● **Problem**:
Skip the pictures. Quote every line below, exactly, from the one with "A young woman" through the final line.

━━━━━ Collected material ━━━━━

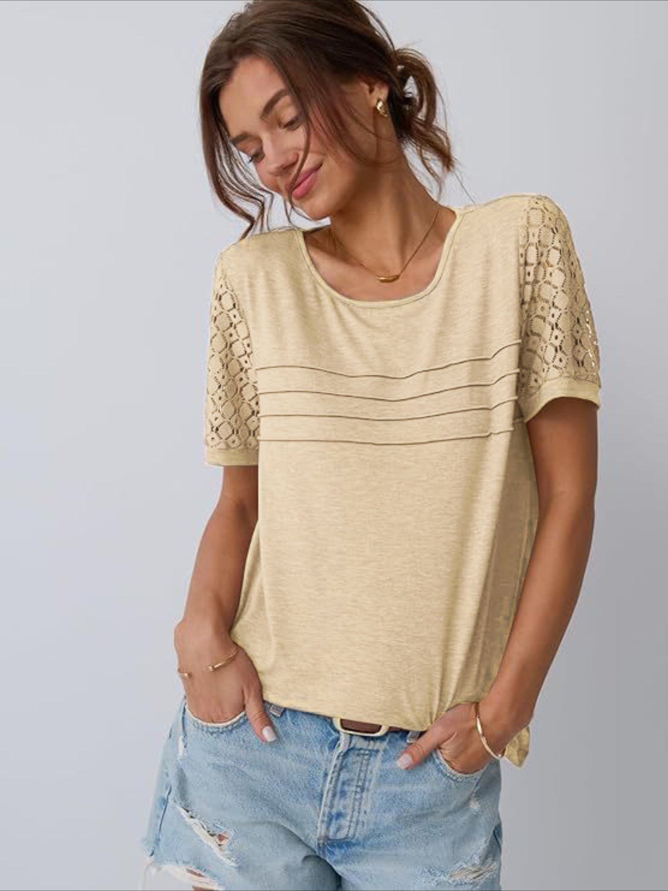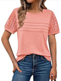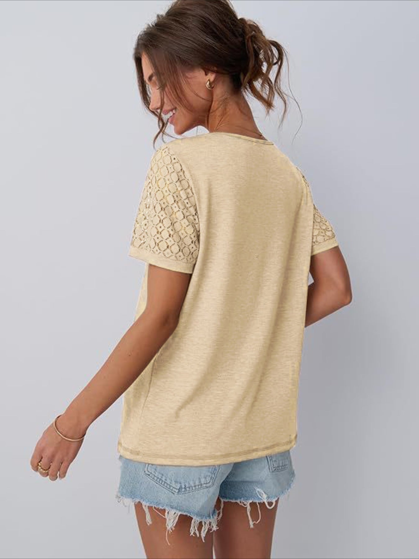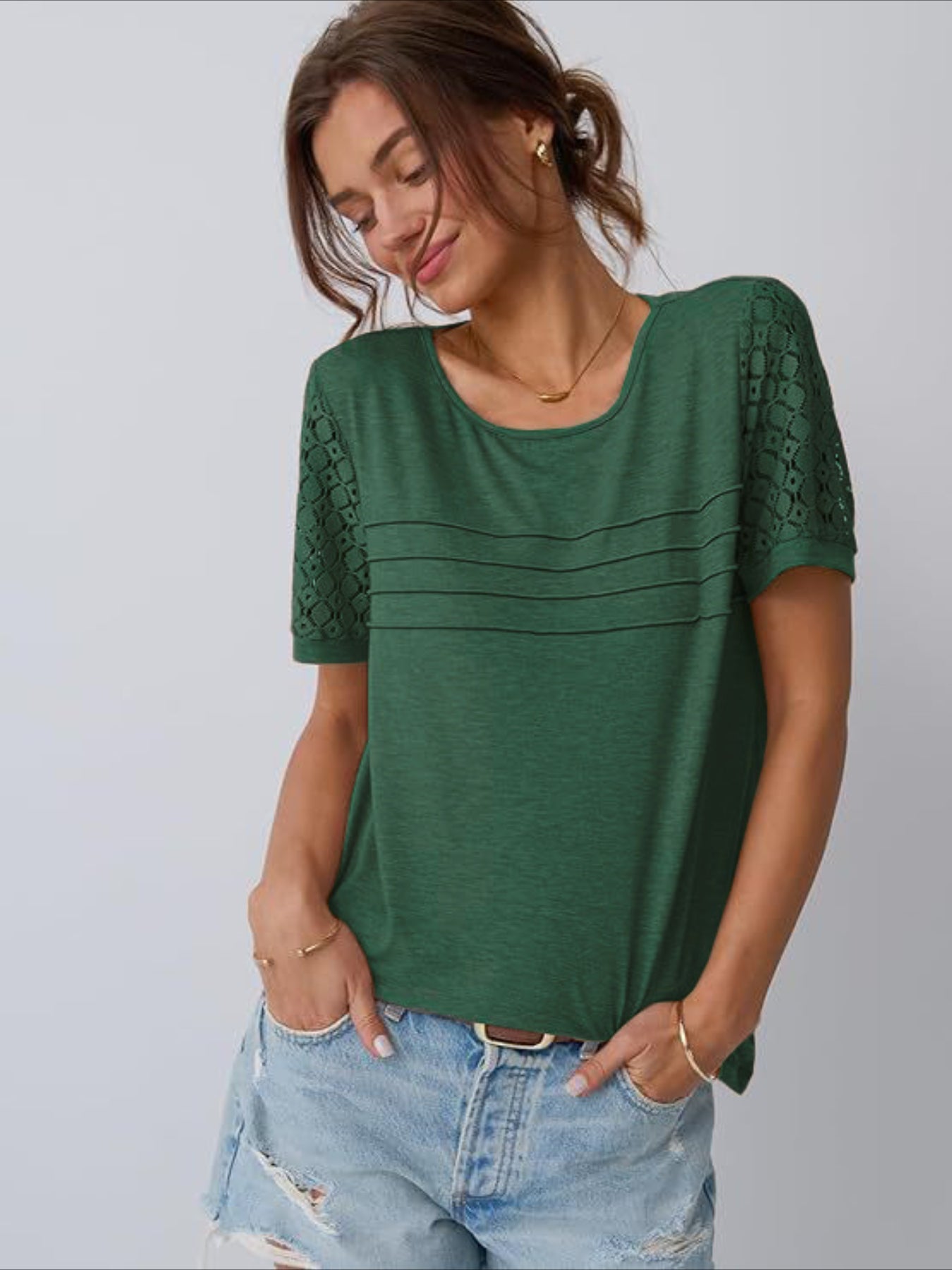 Sale Casual Contrast Lace Round Neck Long Sleeve T-Shirt
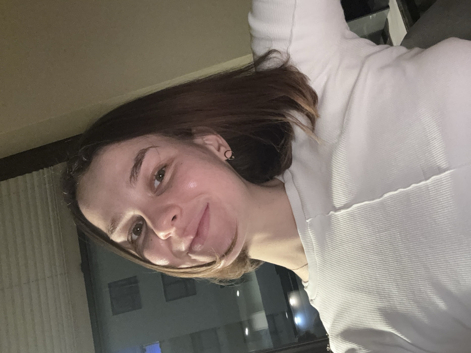 A young woman poses for a selfie. She has light skin, brown hair, and dark eyes. She's wearing a white ribbed shirt. Her head is tilted to the side and she's smiling slightly. An earring is visible in her left ear. In the background, a building and some dim lighting can be seen through a window. The image has a slightly rotated orientation.
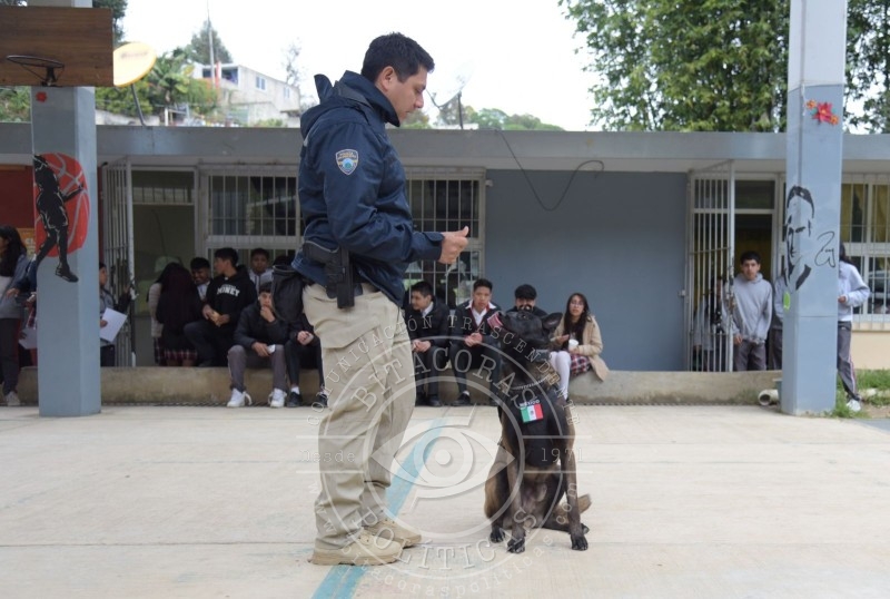 Como parte del programa, se contó con la participación de un elemento canino y un oficial adscrito a la Brigada Animal de la Policía Municipal, quien explicó a las y los estudiantes el manejo, control básico y avanzado del binomio, así como sus habilidades de obediencia, socialización y trabajo en entornos escolares.

━━━━━

● **Task solution**:
 A young woman poses for a selfie. She has light skin, brown hair, and dark eyes. She's wearing a white ribbed shirt. Her head is tilted to the side and she's smiling slightly. An earring is visible in her left ear. In the background, a building and some dim lighting can be seen through a window. The image has a slightly rotated orientation.
 Como parte del programa, se contó con la participación de un elemento canino y un oficial adscrito a la Brigada Animal de la Policía Municipal, quien explicó a las y los estudiantes el manejo, control básico y avanzado del binomio, así como sus habilidades de obediencia, socialización y trabajo en entornos escolares.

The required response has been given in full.